The latest of which is an interview with conservative radio host Laura Ingraham in which Cain claims that he'd never put a Muslim in his cabinet. Now, Cain will never have a cabinet that doesn't hang on his kitchen wall, but I digress ... here's the clip in full: 

Cain goes on to argue that he doesn't trust Minnesota Congressman Keith Ellison, himself a Muslim, because Ellison swore his oath of office on a copy of the Qur'an.  The Minnesota Independent delivers Cain's full quote in a recent article: "If you take an oath on the Qur’an, that means you support Sharia law. I support American law." Sharia is Muslim legal thinking--a set of juridical principles drawn from legal speculation on the Qur'an.

(Oklahoma's state legislature recently passed a bill that bans the use of sharia law in state courts. Here's's recent coverage.  If you're wondering, no one had ever tried to use sharia law in Oklahoma, but legislators wanted to stay ahead of the game. Rumor has it they've also tried to pass bills pre-emptively curtailing efforts to name cricket the official state sport and gayness the official state sexuality.)

Now, Ellison doesn't support the promulgation of sharia in the United States.  Like most American Muslims, he's pretty happy with American law.  But that's not my beef with Cain. My problem is Cain's seeming ignorance of the fact that the Bible also features a very explicit set of legal principles--the Torah--most of which we no longer follow.

His flawed logic suggests that because Ellison swore an oath on the Qur'an, he will necessarily seek to subject all Americans to its strictures. By extension, then, every American legislator who has sworn an oath on the Bible must then be similarly bound to try to pass its laws. 

But I have yet to hear of Paul Ryan proposing legislation that makes chicken farms illegal (Deuteronomy 22:6).  And I don't think that Nancy Pelosi has any plans to make adultery punishable by stoning (Deut. 22:22).  And as of yet, Mitch McConnell has never tried to ram through a bill that mandates the construction of parapets on all new buildings (Deut. 22:7).  But now that I think of it, I have seen him carrying around lots of suspicious blueprints lately ...

Of course, you probably knew all this already, and I'm probably just blowing hot air now.
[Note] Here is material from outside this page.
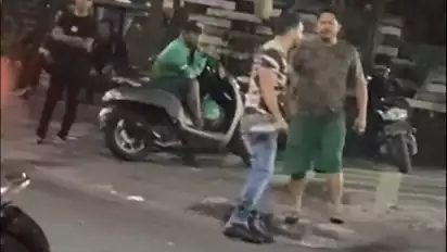 Lalu, terlihat seorang warga asing lainnya menggunakan kaus berwarna hitam dengan celana pendek menunjuk bule yang membawa pisau itu seakan-akan menantang bule yang menggenggam pisau itu.
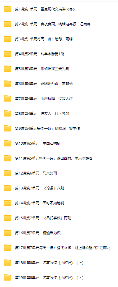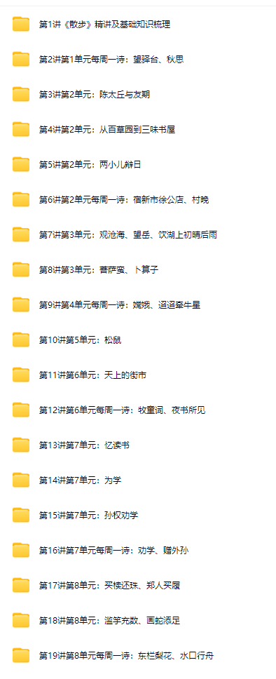 │ │ ├─ (1)第8单元每周一诗:东栏梨花、水口行舟第1段.mp4

I'll stop, but for the love of dog, I hope Cain will stop talking soon too.


  1. Difference is... there isn't a significantly huge proportion of the world population that still wants their government to operate by Torah law. Perhaps because such people have evolved morally with the times. There is however a large faction of people from one of the world's fastest growing religions that do wish to build nations policed by Sharia law (I emphasize that not all of them, but a good number). This happens to be the same population that takes a dumb hick pastor's headline-stealing book burning as a reason to kill innocent people. If a Muslim cleric burnt a bible do you think I'd raid the Afgan embassy and kill a bunch of people? That being said, this Herman Cain guy is a nobody. Does Little Caesars even exist outside of Detroit anymore?

  2. Your point is well taken, anonymous. Outside of pockets in Brooklyn and Jerusalem, there are few who advocate for Torah law as the law of the land. And even these very seldom resort to violence.

    I suppose my problem with Cain is that he can't seem to imagine a moderate American Muslim who a) doesn't follow sharia law to a T, or b) is capable of the same bracketing mechanism that allows thousands of Jewish or Christian legislators to participate in a secular democracy.

    More briefly, Anwar al-Awlaki's Islam is a problem. Keith Ellison's is not. And Cain doesn't seem able to make a distinction.

    And what ever did happen to Little Caesar's?